#### [Exercise brief]
Your task is to repeat the lines below exactly, excluding any pictures they contain.

#### [Material provided]
_ _ _ _

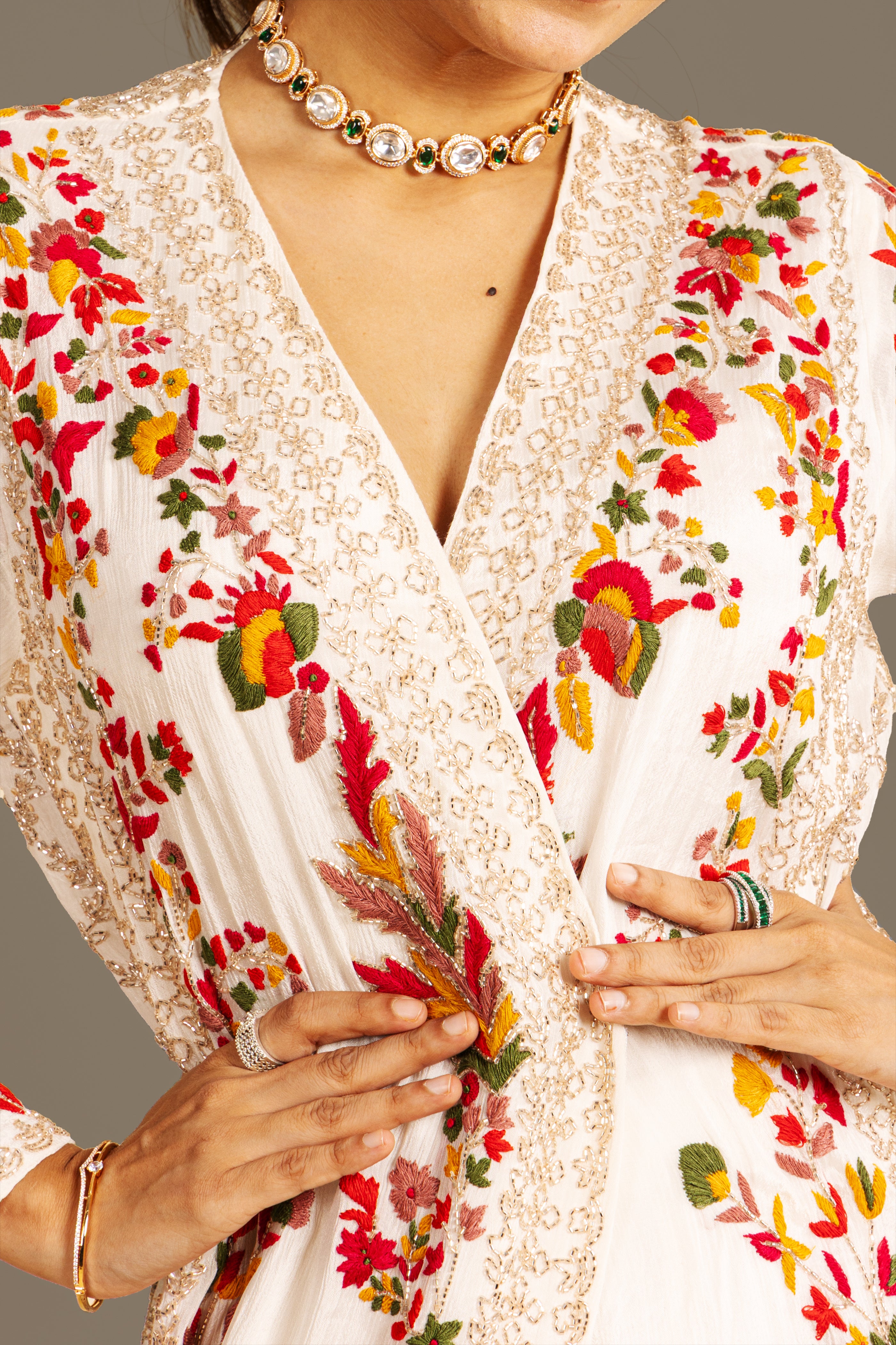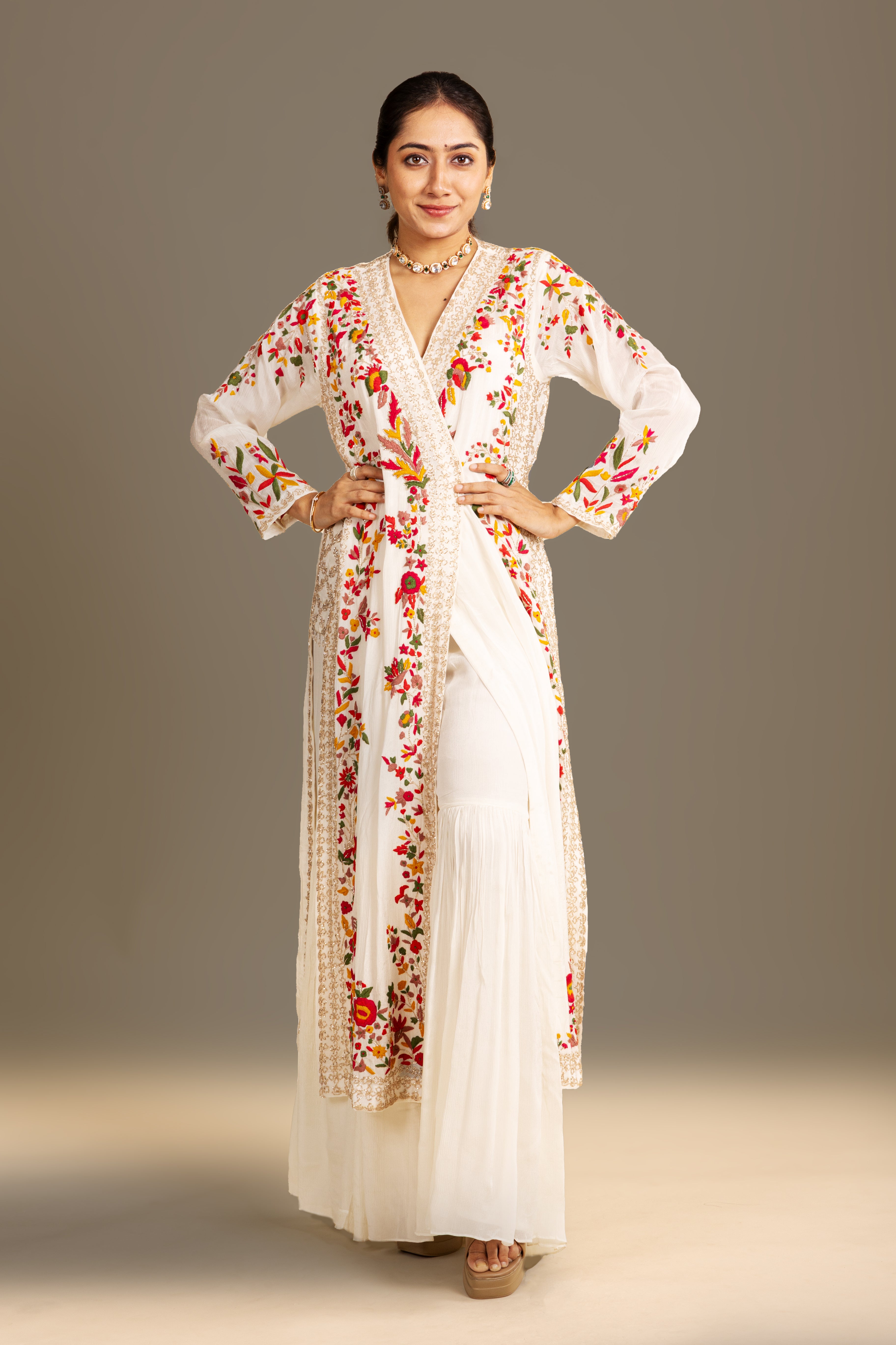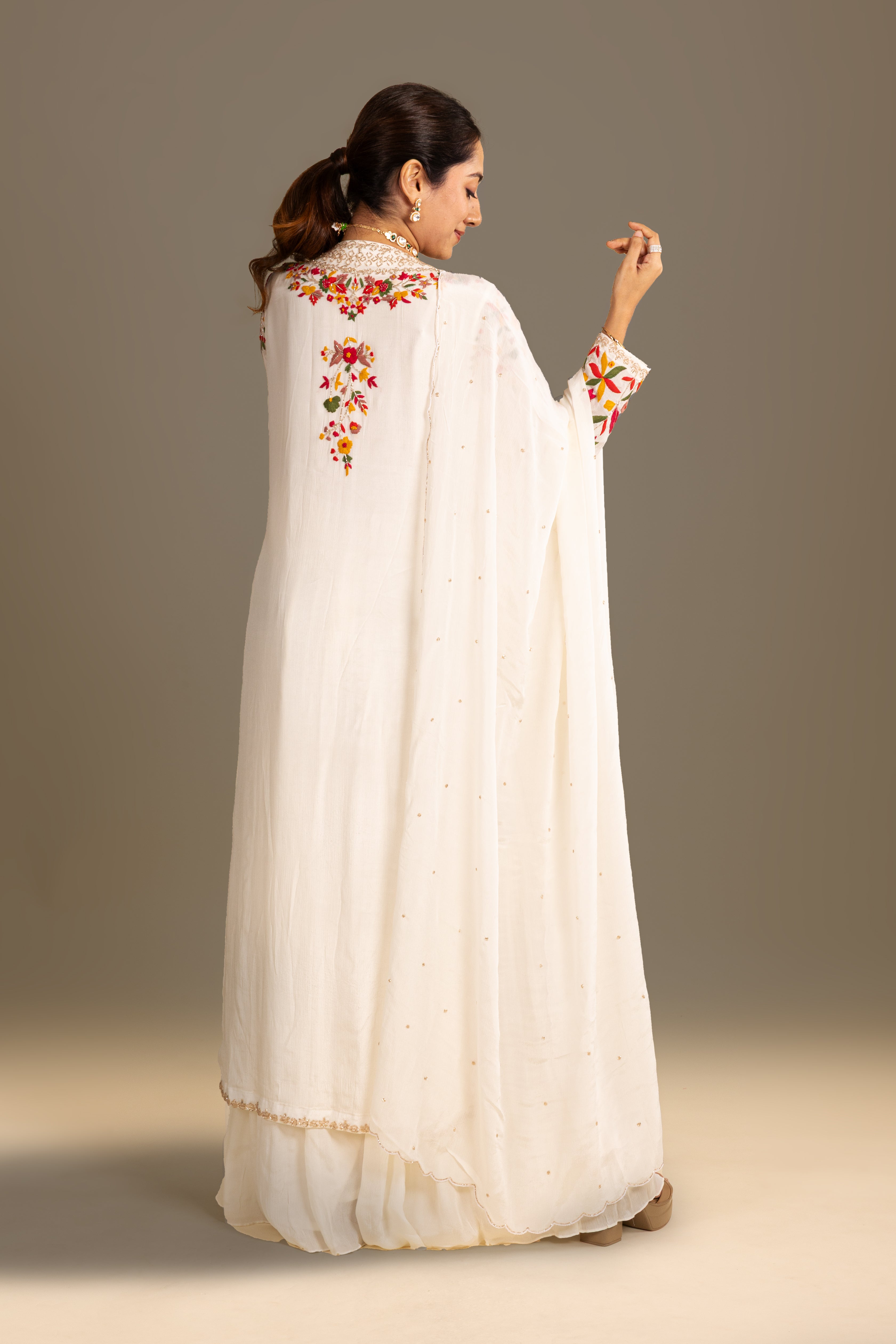 Ivory white Anarkali suit richly embroidered with multi-colored floral motifs, radiating grace and sophistication for special gatherings.
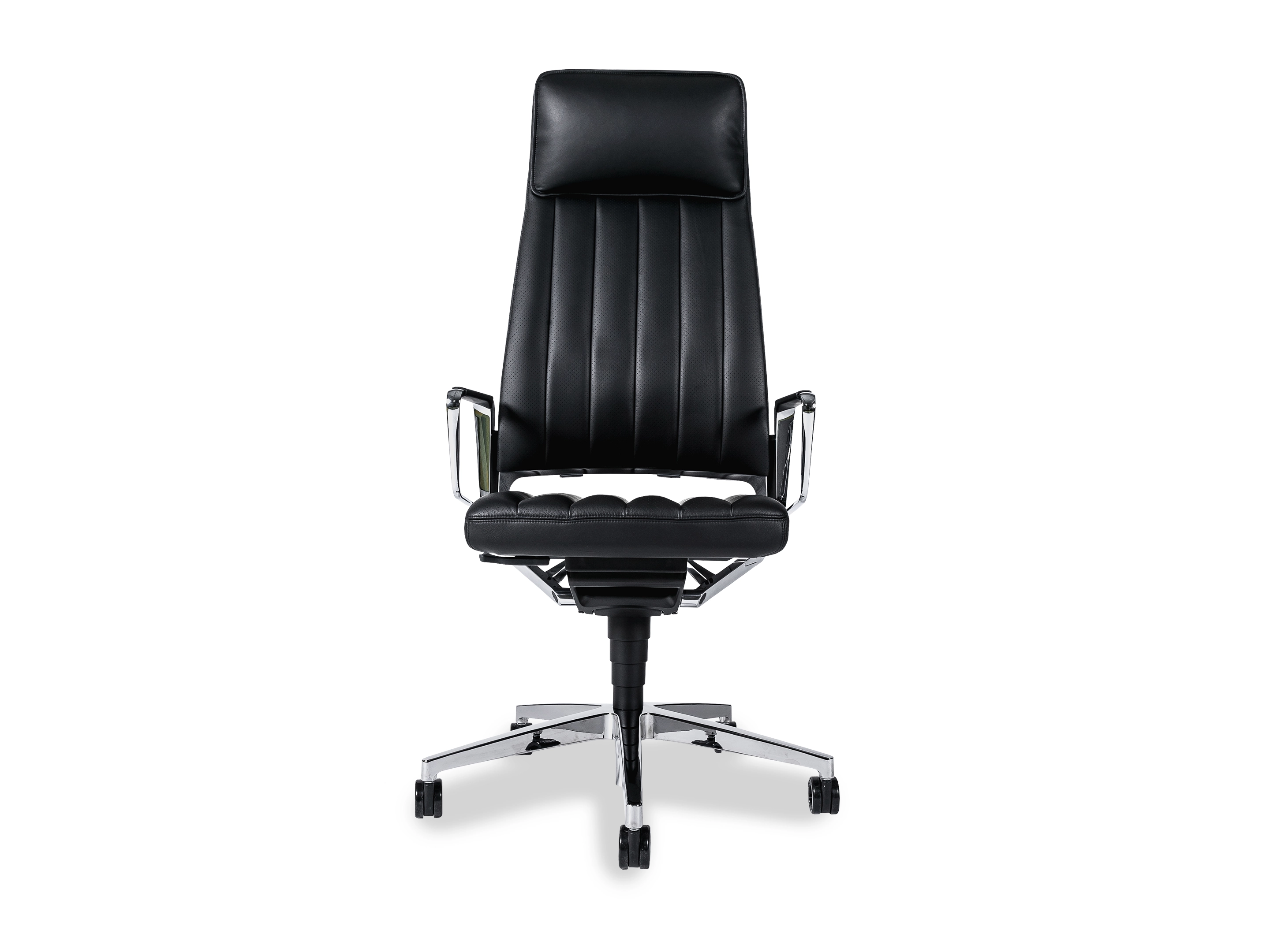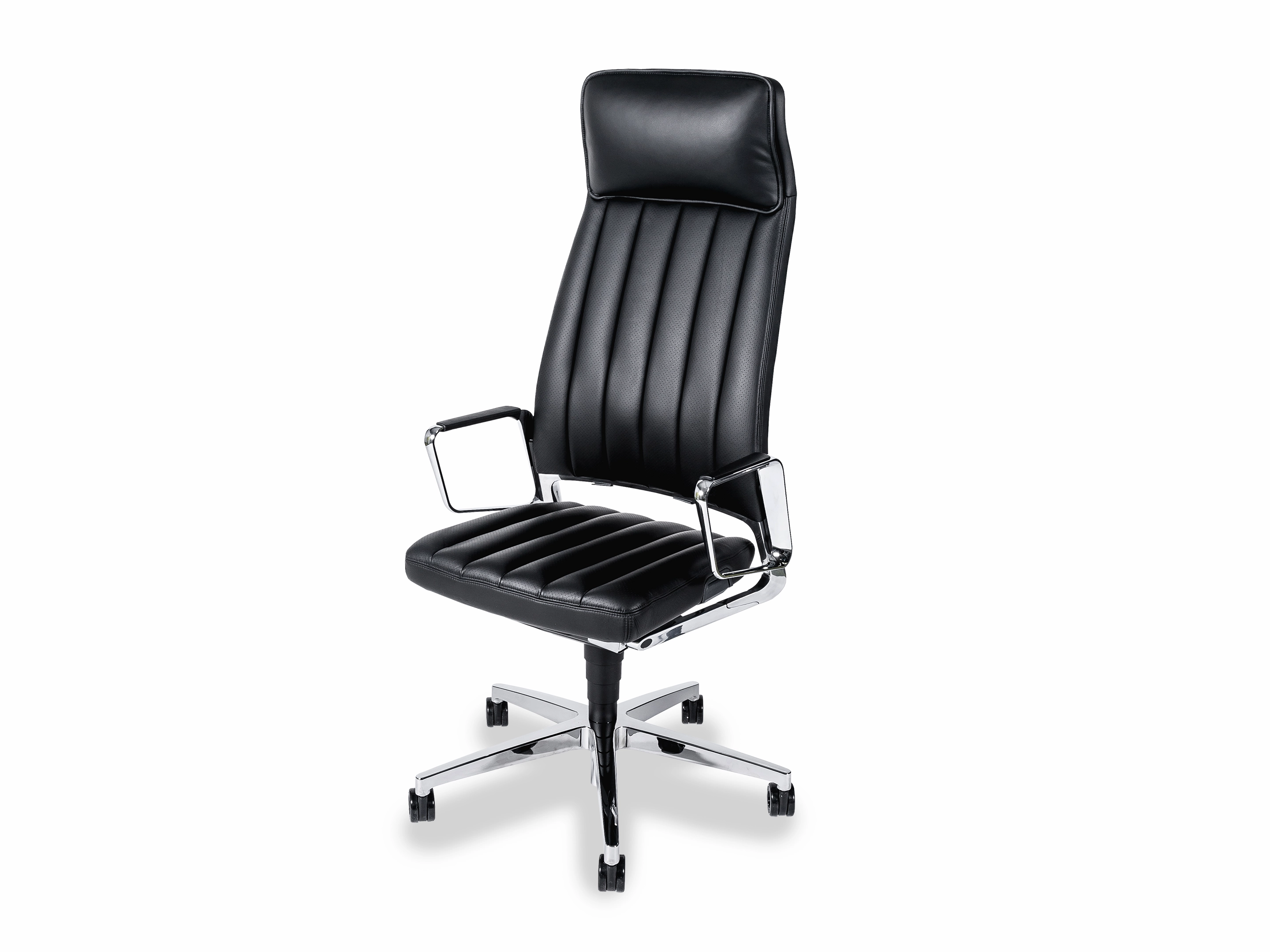 Bureaustoel met hoge rug, zitting en rugleuning met luxe "padding", incl. geintegreerde hoofdsteun. Smart Motion Technology synchroonmechaniek (vergrendelbaar), Gewichtsregeling verstelbaar, Zithoogte- &, Zitneigverstelling en Verstelbare lendensteun .
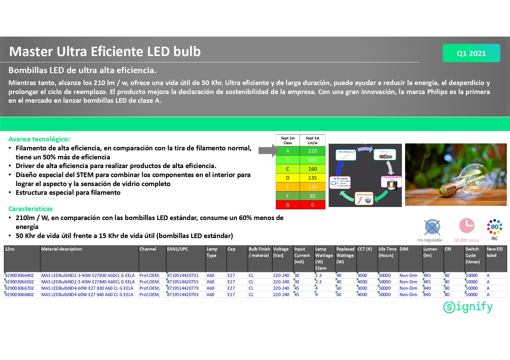 Bueno para el planeta y el bolsillo: Signify presenta las nuevas bombillas LED clase A de Philips, las bombillas con mayor eficiencia energética
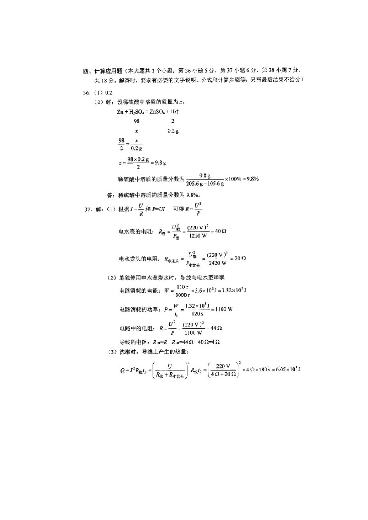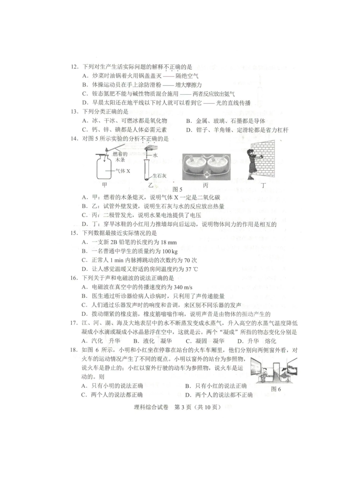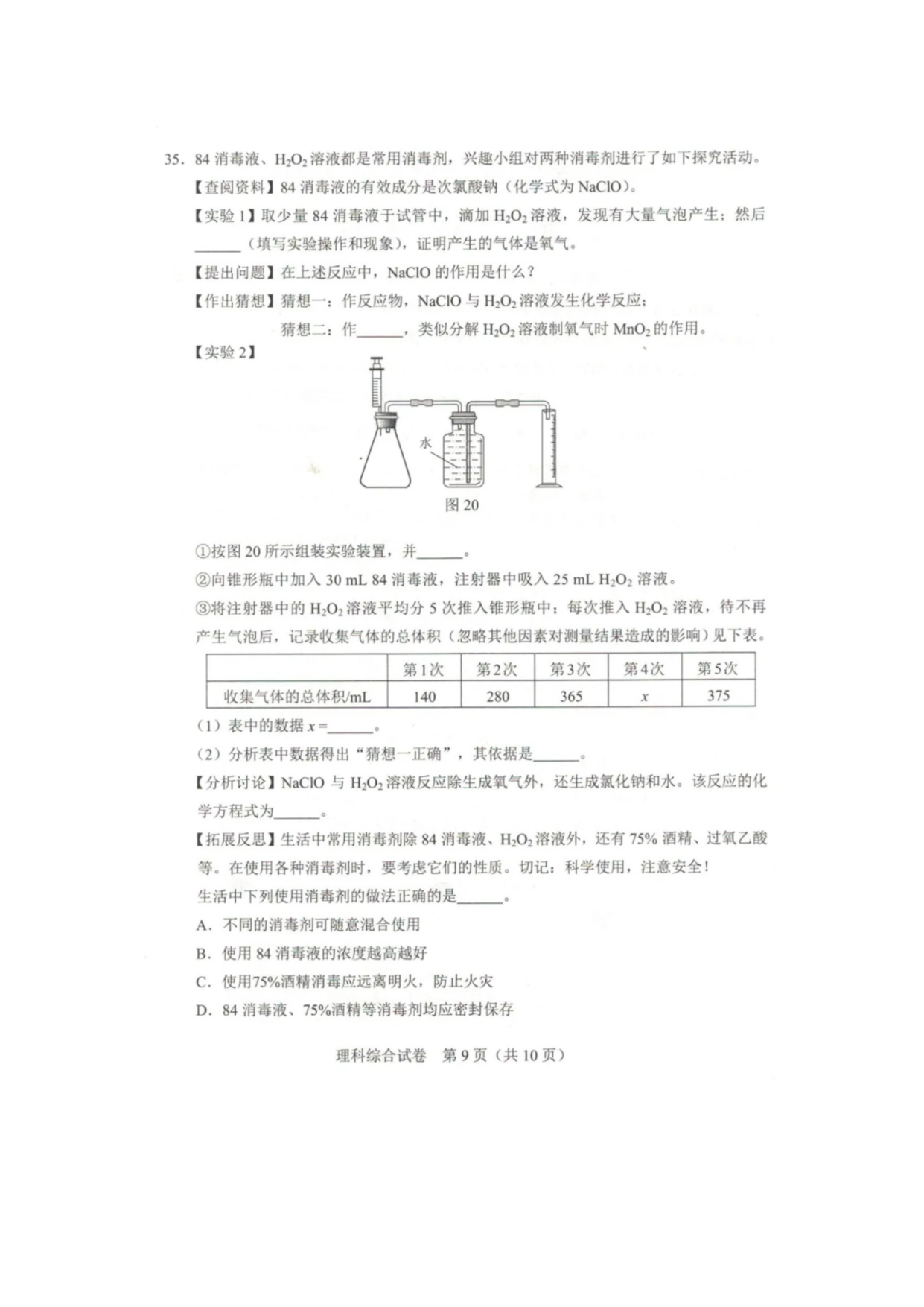【文档名称】 2020年河北张家口中考理综试题及答案(图片版).doc

_ _ _ _

#### [Answer space]
 Ivory white Anarkali suit richly embroidered with multi-colored floral motifs, radiating grace and sophistication for special gatherings.
 Bureaustoel met hoge rug, zitting en rugleuning met luxe "padding", incl. geintegreerde hoofdsteun. Smart Motion Technology synchroonmechaniek (vergrendelbaar), Gewichtsregeling verstelbaar, Zithoogte- &, Zitneigverstelling en Verstelbare lendensteun .
 Bueno para el planeta y el bolsillo: Signify presenta las nuevas bombillas LED clase A de Philips, las bombillas con mayor eficiencia energética
【文档名称】 2020年河北张家口中考理综试题及答案(图片版).doc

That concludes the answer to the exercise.